This week has been like living in a time warp. On Thursday, the Nasdaq Composite hit a new high for the first time in 15 years. That event came a good decade earlier than I and many others had expected.
Then, on Friday, Amazon announced a loss and the market pushed up its share price by 15 per cent to a record, increasing the fortune of its founder Jeff Bezos by about $5bn in the process. I had thought the crazy logic that losses were good, because they showed that companies were still investing in growth, had died when the Nasdaq bubble popped 15 years ago: I was wrong.
In another echo of the past, Japan's Nikkei 225 passed the 20,000 level, also for the first time in 15 years. And in Europe, the debate is over whether Greece will default, whether it will leave the euro and whether such an event could have the same effect as the 2008 Lehman bankruptcy. All of those topics have been on the agenda for at least five years and are still unresolved.
Rounding off the Groundhog Day theme, the wider US stock markets - not just the Nasdaq - managed to set yet another new high. Earnings estimates have been slashed, anxiety over the plans for interest rate rises by the Federal Reserve (whose Open Market Committee meets next week), remain intense, and many bullish commentators have been braced for a healthy correction. And yet, as has been the story for six years now, US stocks keep grinding higher, like the Energizer bunny.
All this despite valuations that look terribly stretched. The S&P 500 now trades at a multiple of 27 times average earnings for the past 10 years. That is its highest since the peak of 44 at the top of the Nasdaq bubble. The only other time it has been this high was immediately before the Great Crash of 1929.
How to explain all this? Earnings have generally beaten their reduced expectations, so this has helped. However, the argument does not go far. According to Thomson Reuters, forecasts are still for an outright fall of 1.1 per cent in S&P earnings for the first quarter. Energy and industrial companies are reporting worse numbers than expected.
More usefully, the dollar's strength is abating at last. On a trade-weighted basis, the dollar has fallen below its 50-day moving average, a measure of the short-term trend, for the first time since last July. This is a sensible reaction to the weakening economic data, and helps US stocks. Bond yields are also lowering, reflecting the belief that the Fed will not be raising rates until the autumn at the earliest. So the contorted logic of the past six years stays in place. Stocks are expensive but while rates stay low, and earnings avoid a serious collapse, money flows into them. A strong catalyst - really bad earnings, a bad geopolitical event, or a surprise from the Fed - is needed before the market can jolt out of its steady ascent.
And in any case, valuation has nothing to do with short-term market moves. A report from Barclays this week pointed out that since 1988, US stocks have never fallen over the subsequent year when they have been valued at 17 times next year's expected earnings, as they are now. But this does not mean that stocks are cheap. Barclays' data also show that there were plenty of instances of stocks falling in the year after they were valued at forward earnings multiples of between 11 and 15 - and also at multiples of 19 and more.

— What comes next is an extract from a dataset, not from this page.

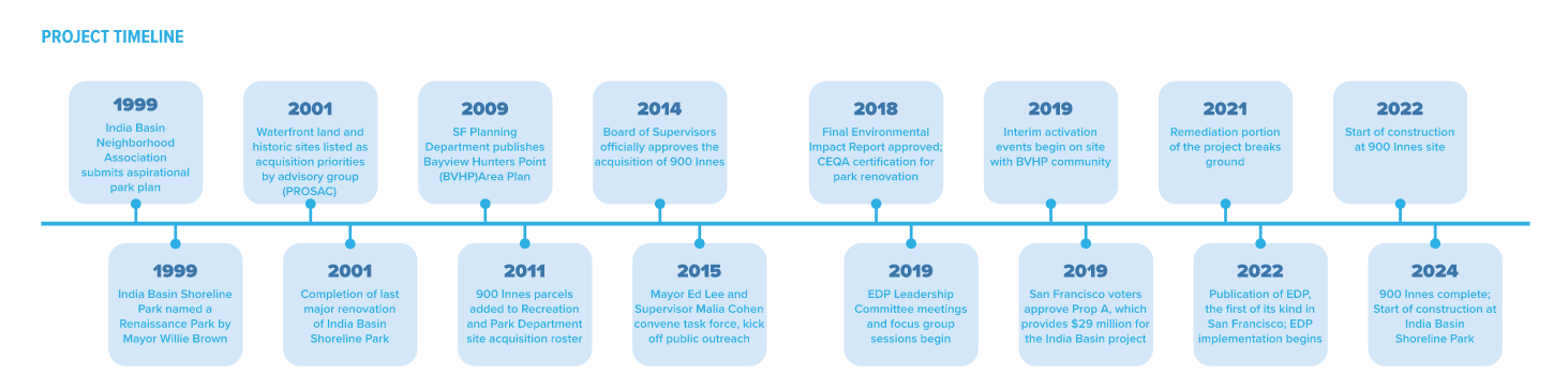 In 2014, the San Francisco Recreation and Park Department acquired the property at 900 Innes Avenue in India Basin, a site that features scenic views, waterfront access, and natural resources in San Francisco’s Bayview Hunters Point (BVHP) neighborhood.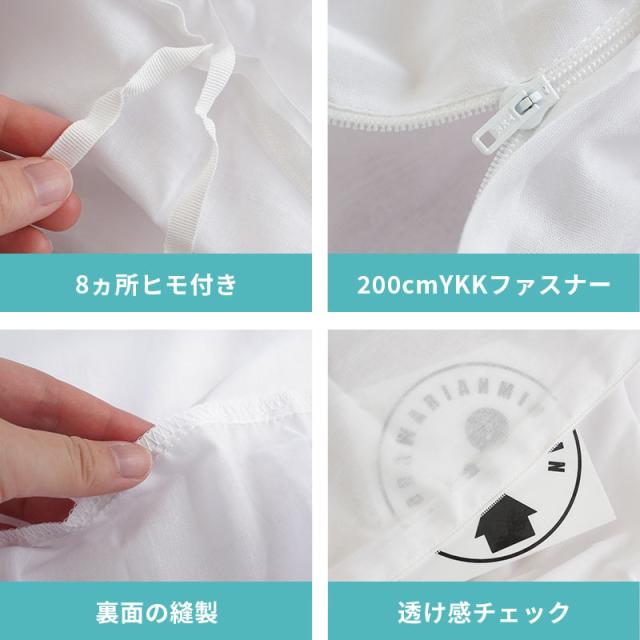 [ keyword | 布団カバー2点セット シングルサイズ 150×200cm 105×205cm 清潔 抗菌防臭加工 SEKマーク付き 真ん中シースルーネット 無地 ホワイト カバー 白 抗菌 防臭 SEK シングル 200cmファスナー YKK 掛け布団カバー 敷き布団カバー 敷布団カバー 送料無料 ]

For the longer term, remember the Nasdaq bubble only burst in 2000 after it had become the most extreme speculative mania ever. Stocks had been more expensive than they are now for more than two years before it finally peaked. Stocks can stay overvalued.
Nasdaq's 15-year recovery has been swift. It took 25 years for US stocks to recover after 1929 and, even with the Nikkei's recent strength, Japanese stocks are still barely half the level of their peak in 1989. That recovery is in turn attributable chiefly to remarkable growth in earnings and revenues by a number of companies, led by Apple.
But, outside Apple, the Nasdaq stocks of 2000 would have been a horrible investment. The best stocks then, it turns out, were totally out of favour. The five stocks in the S&P that went on to be "ten-baggers," rising tenfold in the 15 years that the Nasdaq was flat, include Ball Corporation, which makes cans, CSX, a railroad, VF Corporation, which makes jeans - and Apple, which seemed to have been defeated by Microsoft.
So let me summarise a couple of lessons from the last decade and a half. First, valuation tells you almost nothing about short-term timing; stocks can stay too expensive for a while. But second, in the long term, buying a security that is blatantly too expensive is going to hurt. Just ask all those Nasdaq investors who are only just back into the black.
For those with the patience to wait, and do the work of analysing obscure companies, there is more money to be made from contrarian positions in out-of-favour stocks. I do not know where today's Ball Corporation or VF are, but they are out there somewhere.